Dr Paddy Sutton, service director for stroke at NNUH, said: “As a trust, we are committed to provide the best possible care for our patients who have been affected by stroke. The event was a fantastic opportunity to highlight our stroke services at NNUH and to help promote the work of the Stroke Association, who support patients after they have had a stroke and once they have been discharged from hospital.”

NNUH is one of the top ten largest combined stroke units in England.
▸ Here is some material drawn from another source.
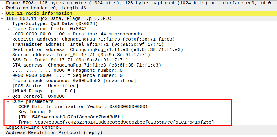 Pairwise Master Key (PMK): 9cac4539a5f7842823481419de3e855d9ce62b5efd2365a7cef51e175419f255

Care ranges from emergency assessment and treatments in the first few hours after stroke, including clot-busting thrombolysis therapy, and surgery which can prevent TIAs leading to strokes in the future.

Rehabilitation also starts as early as possible including physiotherapy, occupational, speech therapy and psychology and continues in the community after patients are discharged from hospital.

Make May Purple for stroke is the Stroke Association’s annual stroke awareness month which takes place every May.

Neil Chapman, support manager at the Stroke Association, said: “In the UK stroke is the leading cause of disability and there are 1.2m people living with the physical and emotional after effects. Every year we help tens of thousands of stroke survivors and their families through our range of services and free helpline, but we can only do this through the generosity of events like the one at Norfolk and Norwich University Hospital. We’re incredibly grateful to the team for their support, the money raised will go a long way in helping local stroke survivors and their loved ones.”